TEESlice: slicing DNN models for secure and efficient deployment

Providing machine learning services is becoming profit business for IT companies. It is estimated that the AI-related business will bring trillions of dollars to the global economy. When selling machine learning services, companies should consider two important aspects: the security of the DNN model and the inference latency. The DNN models are expensive to train and represent precious intellectual property. The inference latency is important because modern DNN models are usually deployed to time-sensitive tasks and the inference latency affects the user's experience. Existing solutions cannot achieve a good balance between these two factors. To solve this problem, we propose TEESlice that provides a strong security guarantee and low service latency at the same time. TEESlice utilizes two kinds of specialized hardware: Trusted Execution Environments (TEE) and existing AI accelerators. When the company wants to deploy a private DNN model on the user's device, TEESlice can be used to extract the private information into model slices. The slices are attached to a public privacy-excluded backbone to form a hybrid model that has similar performance to the original model.
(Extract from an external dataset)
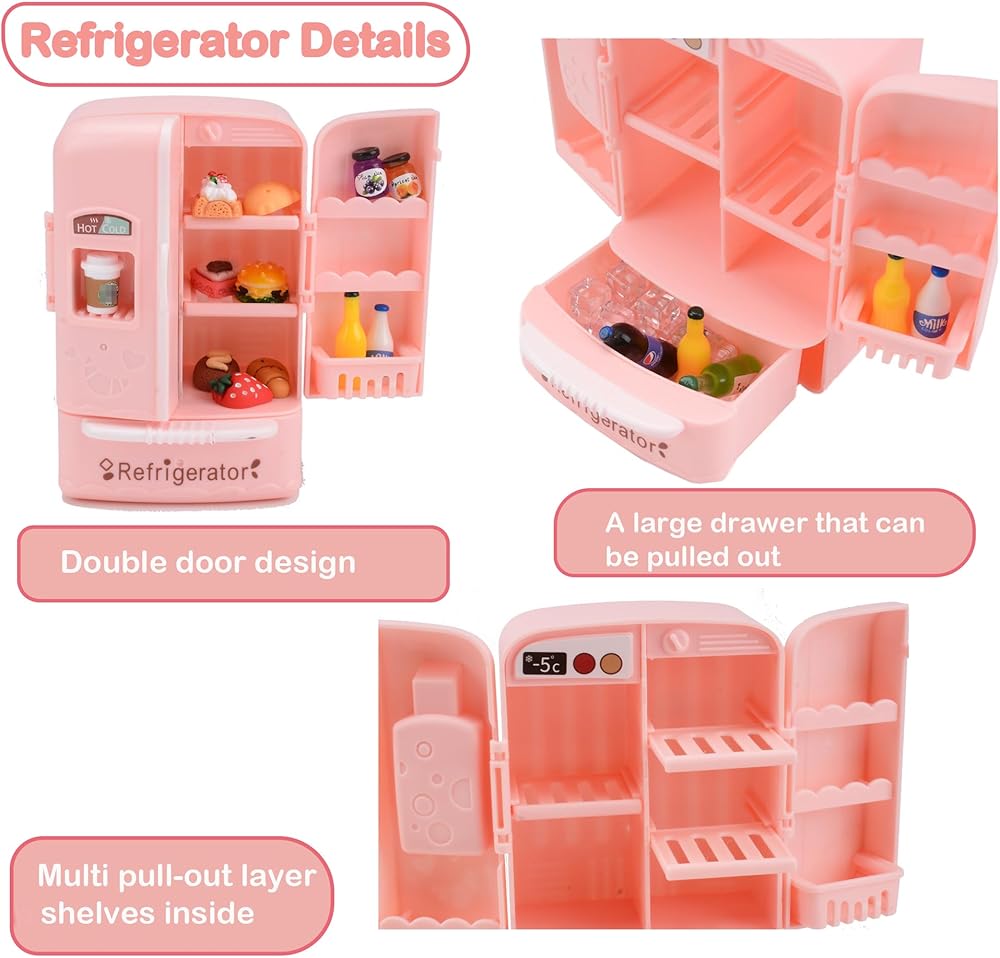 حجم مثالي لديكورات بيت الدمى: تبلغ أبعاد الثلاجة الصغيرة 2.95 × 2.36 × 4.72 بوصة، ومكعب الثلج 0.39 بوصة، ويبلغ قياس زجاجات الطعام والشراب الصغيرة حوالي 0.4 إلى 1.4 بوصة. تتميز ثلاجة بيت الدمى المصغرة بتصميم باب مزدوج وتحتوي على مساحات تخزين متعددة بما في ذلك أرفف متعددة الطبقات قابلة للسحب بالداخل ودرج كبير، وهي مثالية لحمل هذه المصغرات.

When deploying the hybrid model, the lightweight privacy-related slice is secured by the TEE and the public backbone is put on the AI accelerators. The TEE provides a strong security guarantee on the model privacy and the accelerators reduce the computation latency of the heavy model backbone. Experimental results show that TEESlice can achieve more than 10x throughput promotion with the same level of strong security guarantee as putting the whole model inside the TEE. If the model provider wants to further verify the correctness of the accelerator's computation, TEESlice can still achieve 3-4x performance improvement.